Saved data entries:
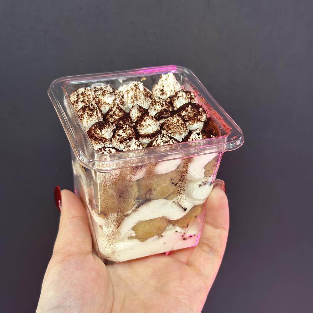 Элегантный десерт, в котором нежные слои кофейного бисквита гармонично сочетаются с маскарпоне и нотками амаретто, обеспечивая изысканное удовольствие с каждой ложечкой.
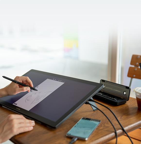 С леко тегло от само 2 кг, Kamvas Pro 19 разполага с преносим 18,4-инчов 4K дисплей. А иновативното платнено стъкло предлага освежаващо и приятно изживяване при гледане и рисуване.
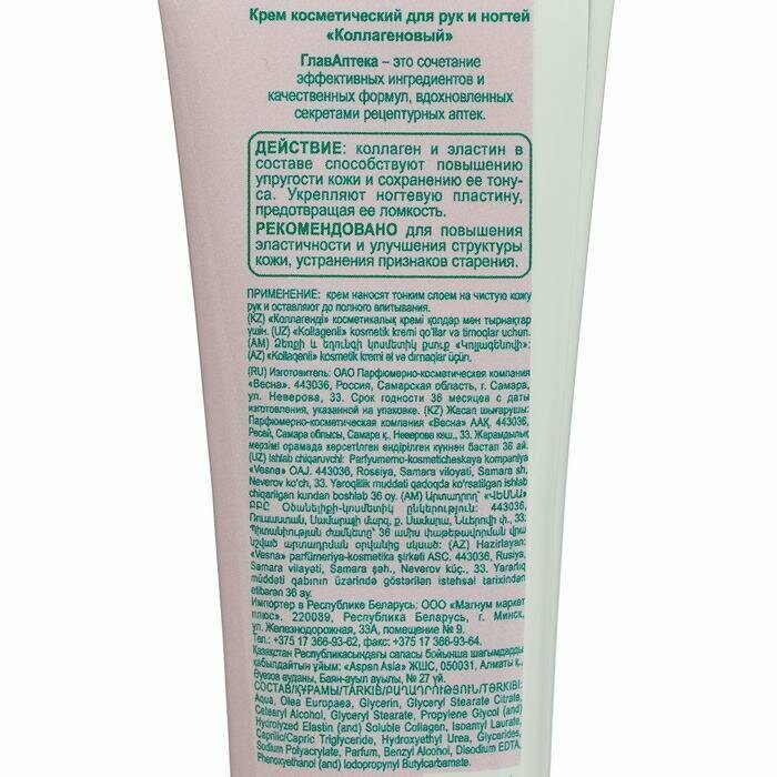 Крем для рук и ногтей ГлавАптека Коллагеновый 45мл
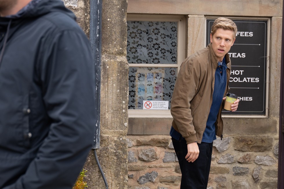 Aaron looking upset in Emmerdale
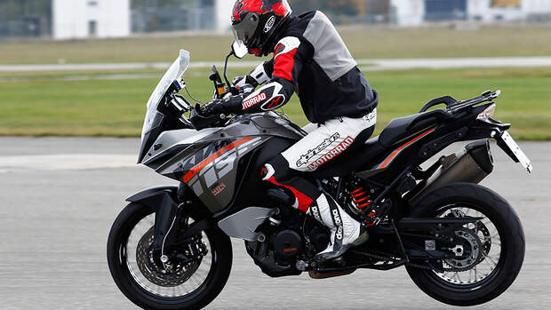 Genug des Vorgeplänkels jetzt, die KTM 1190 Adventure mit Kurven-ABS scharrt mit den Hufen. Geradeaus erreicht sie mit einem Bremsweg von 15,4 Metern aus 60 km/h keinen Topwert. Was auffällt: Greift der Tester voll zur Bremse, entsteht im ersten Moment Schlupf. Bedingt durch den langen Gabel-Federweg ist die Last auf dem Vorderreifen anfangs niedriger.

### TASK DETAILS
Leave every picture out and write out, word for word, the lines from the one that contains "Крем для рук" through the last line of the records.

### EXPECTED ANSWER
 Крем для рук и ногтей ГлавАптека Коллагеновый 45мл
 Aaron looking upset in Emmerdale
 Genug des Vorgeplänkels jetzt, die KTM 1190 Adventure mit Kurven-ABS scharrt mit den Hufen. Geradeaus erreicht sie mit einem Bremsweg von 15,4 Metern aus 60 km/h keinen Topwert. Was auffällt: Greift der Tester voll zur Bremse, entsteht im ersten Moment Schlupf. Bedingt durch den langen Gabel-Federweg ist die Last auf dem Vorderreifen anfangs niedriger.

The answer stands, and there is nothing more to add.